Records for processing START

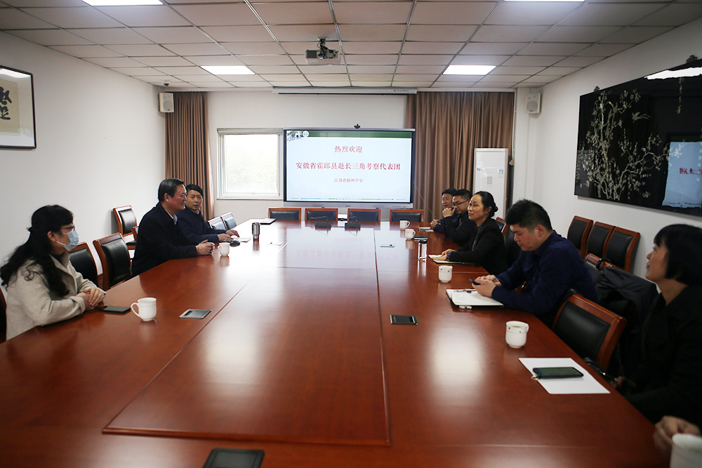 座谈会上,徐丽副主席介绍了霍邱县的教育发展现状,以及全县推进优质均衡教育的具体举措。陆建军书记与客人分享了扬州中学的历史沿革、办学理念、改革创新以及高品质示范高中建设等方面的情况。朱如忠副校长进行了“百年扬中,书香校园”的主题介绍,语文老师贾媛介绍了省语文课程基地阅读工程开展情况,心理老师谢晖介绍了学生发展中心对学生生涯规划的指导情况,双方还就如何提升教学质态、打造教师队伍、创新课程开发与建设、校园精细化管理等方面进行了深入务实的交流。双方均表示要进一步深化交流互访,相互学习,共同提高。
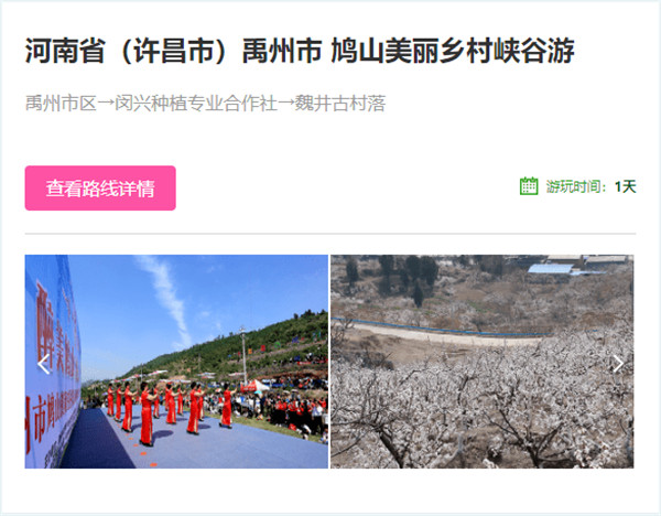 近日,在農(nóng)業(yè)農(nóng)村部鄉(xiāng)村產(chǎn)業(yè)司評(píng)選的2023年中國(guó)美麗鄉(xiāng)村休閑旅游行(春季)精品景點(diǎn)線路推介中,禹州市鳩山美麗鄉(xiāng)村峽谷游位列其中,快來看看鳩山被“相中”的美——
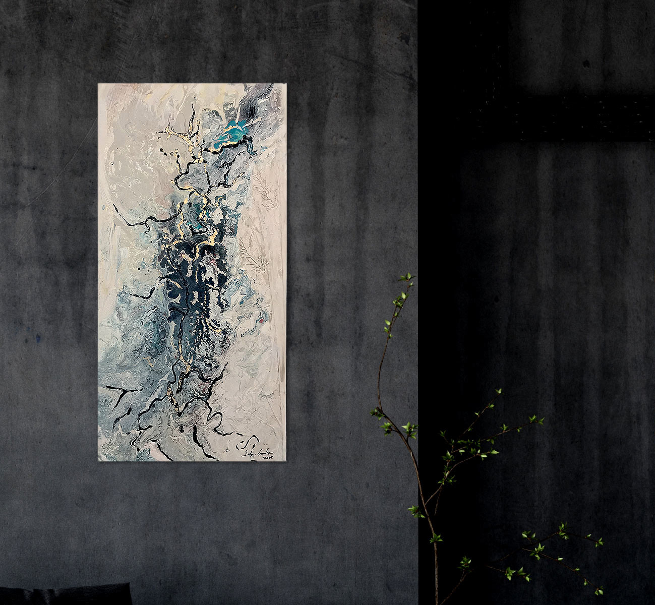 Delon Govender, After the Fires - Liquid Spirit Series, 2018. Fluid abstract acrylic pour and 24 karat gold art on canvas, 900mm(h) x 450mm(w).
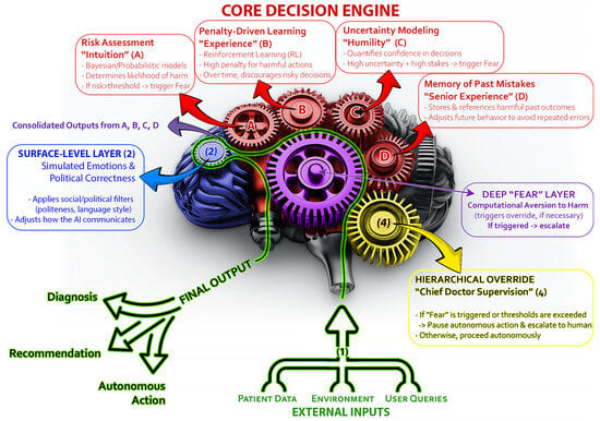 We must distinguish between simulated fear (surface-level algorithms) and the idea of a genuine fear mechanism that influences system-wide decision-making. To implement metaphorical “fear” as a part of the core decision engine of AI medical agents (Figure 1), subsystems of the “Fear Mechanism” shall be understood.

Records for processing END
Records for processing START

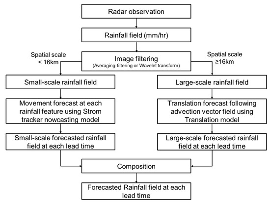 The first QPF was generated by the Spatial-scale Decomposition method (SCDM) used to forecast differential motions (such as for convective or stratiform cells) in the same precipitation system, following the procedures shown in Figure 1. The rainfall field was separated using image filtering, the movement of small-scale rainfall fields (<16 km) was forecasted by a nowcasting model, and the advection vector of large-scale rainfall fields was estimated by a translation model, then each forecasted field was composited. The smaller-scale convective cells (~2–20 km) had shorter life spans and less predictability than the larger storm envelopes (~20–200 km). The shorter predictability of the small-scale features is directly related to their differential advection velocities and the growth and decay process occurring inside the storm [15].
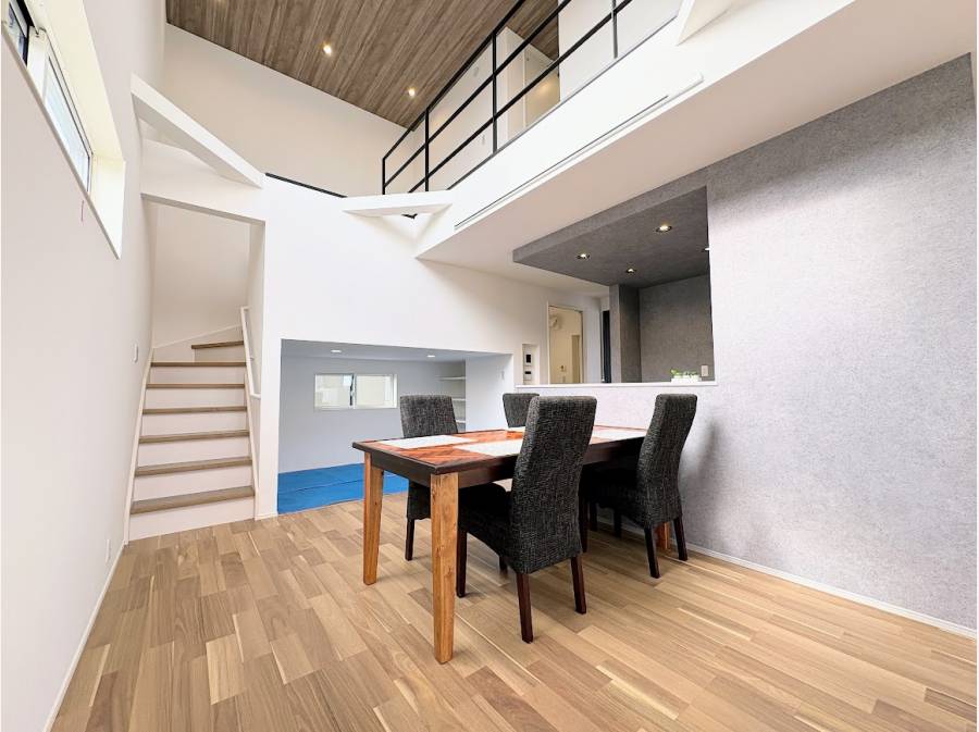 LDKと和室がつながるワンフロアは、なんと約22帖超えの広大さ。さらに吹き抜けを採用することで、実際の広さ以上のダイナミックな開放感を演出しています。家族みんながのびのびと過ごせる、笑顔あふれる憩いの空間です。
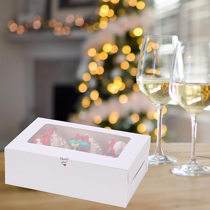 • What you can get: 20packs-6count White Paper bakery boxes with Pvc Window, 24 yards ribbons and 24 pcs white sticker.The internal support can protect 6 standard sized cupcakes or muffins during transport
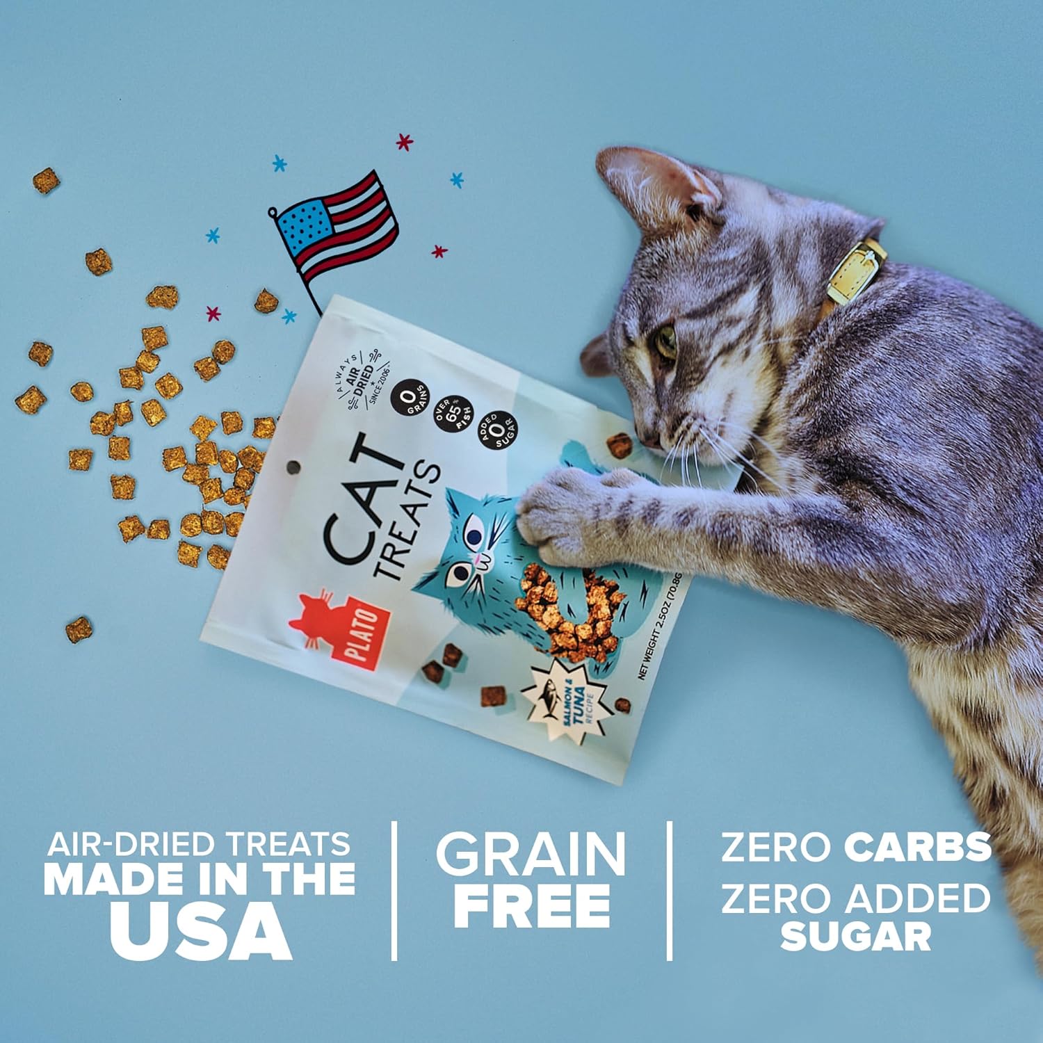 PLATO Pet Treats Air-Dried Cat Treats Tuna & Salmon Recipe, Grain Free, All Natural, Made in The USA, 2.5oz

Records for processing END

### What is expected
In the records above, find the line with "座谈会上,徐丽副主席介绍了霍" and the line with "We must distinguish", then restate word for word only those two lines and all lines between, omitting pictures.

### Answer to this task
 座谈会上,徐丽副主席介绍了霍邱县的教育发展现状,以及全县推进优质均衡教育的具体举措。陆建军书记与客人分享了扬州中学的历史沿革、办学理念、改革创新以及高品质示范高中建设等方面的情况。朱如忠副校长进行了“百年扬中,书香校园”的主题介绍,语文老师贾媛介绍了省语文课程基地阅读工程开展情况,心理老师谢晖介绍了学生发展中心对学生生涯规划的指导情况,双方还就如何提升教学质态、打造教师队伍、创新课程开发与建设、校园精细化管理等方面进行了深入务实的交流。双方均表示要进一步深化交流互访,相互学习,共同提高。
 近日,在農(nóng)業(yè)農(nóng)村部鄉(xiāng)村產(chǎn)業(yè)司評(píng)選的2023年中國(guó)美麗鄉(xiāng)村休閑旅游行(春季)精品景點(diǎn)線路推介中,禹州市鳩山美麗鄉(xiāng)村峽谷游位列其中,快來看看鳩山被“相中”的美——
 Delon Govender, After the Fires - Liquid Spirit Series, 2018. Fluid abstract acrylic pour and 24 karat gold art on canvas, 900mm(h) x 450mm(w).
 We must distinguish between simulated fear (surface-level algorithms) and the idea of a genuine fear mechanism that influences system-wide decision-making. To implement metaphorical “fear” as a part of the core decision engine of AI medical agents (Figure 1), subsystems of the “Fear Mechanism” shall be understood.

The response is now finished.